Norton is a town in Bristol County, Massachusetts, United States, and contains the villages of Norton Center and Chartley. The population was 19,202 at the 2020 census. Home of Wheaton College, Norton hosted the Dell Technologies Championship, a tournament of the PGA Tour held annually on the Labor Day holiday weekend at the TPC Boston golf club until 2018.

== History ==
The lands of Norton remained unsettled by English colonists for many years after their initial arrival on the eastern Massachusetts coast. But by the late 1640s, the townships of Rehoboth and Taunton were looking to expand their boundaries further inland. The settlement of Rehoboth bought the lands north of it—what would become Attleboro—from Wamsutta in the 1666 North Purchase. The residents of Taunton were also looking to acquire more land to develop, cutting the forest back and using felled timber to feed construction and fuel industries, and settle the cleared grounds into meadows and pastureland. Norton was first legally settled by European colonists after the Taunton North Purchase in 1668. This deed of purchase from Metacomet entitled the residents of Taunton to the lands north of their current settlement—the forests, cedar swamps, rivers, meadows, and lakes that would become established as Norton, Mansfield, and Easton. In 1686, more payments to access the North Purchase lands were made by Taunton men to Wompatuck, a descendent of Chickatawbut. During King Philip's War, "a group of twenty Taunton men, fearing attack" against their settlement "followed the Three Mile River to its confluence… at the Coweset (Wading) and Rumford Rivers and the thick swamp between them," attacking women and children who were sheltering there. In this fight, at Norton's so-called "Lockety Neck," the men murdered or otherwise participated in the killing of Weetamoo, the female sachem of the Pocasset Wampanoag people. There is a memorial plaque on Pine Street commemorating her and other Wampanoag families killed in this attack.

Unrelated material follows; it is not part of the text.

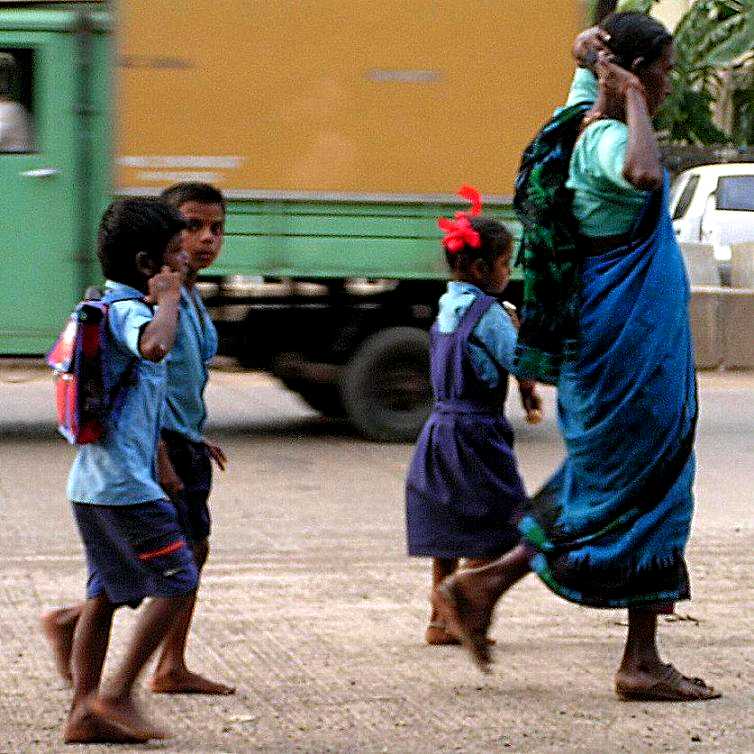 We see Indian students coming and going to school. Most children walk to school, especially primary school children. India has a very youthful population with a very large number of children going to school. Thus Indians streets and roads are full of school children in the morning and afternoon. and around noon as many schools are on half-day schedules. There are many primary schools scattered all over rural India, although the small one-room scholols so common in America are unknown. As a result, most children do not have long distances to walk. There are many schools abnd the countryside is often substantially populated. Mother sometimes walk the younger children to school. Many Indian families are large and thus the older children commonly help the younger children to school.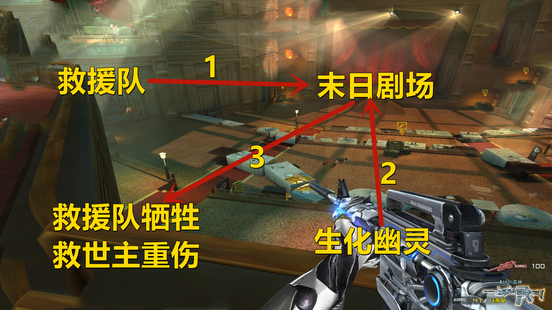 如果结合上述我的分析,我就可以得出来救世主在这里的行动了,很有可能是这样的,救世主带领着救援队因为歌声来到了这个剧场里面,却没想到这个剧场藏着大量的感染体,他也没想到会是这样的局面,众人很快便被这些生化幽灵给感染了,只有救世主在高处苦撑着,可没想到生化幽灵还是将他抓伤了。

When Norton was first settled in 1669 it was called North Taunton for its location on the northern border of Taunton, Massachusetts.
The town was renamed "Norton"—after Norton, Oxfordshire, England, where many early settlers had originated—when the town was officially established on March 17, 1710. Parts of Norton were set out as Easton on December 21, 1725, and as Mansfield on April 26, 1770.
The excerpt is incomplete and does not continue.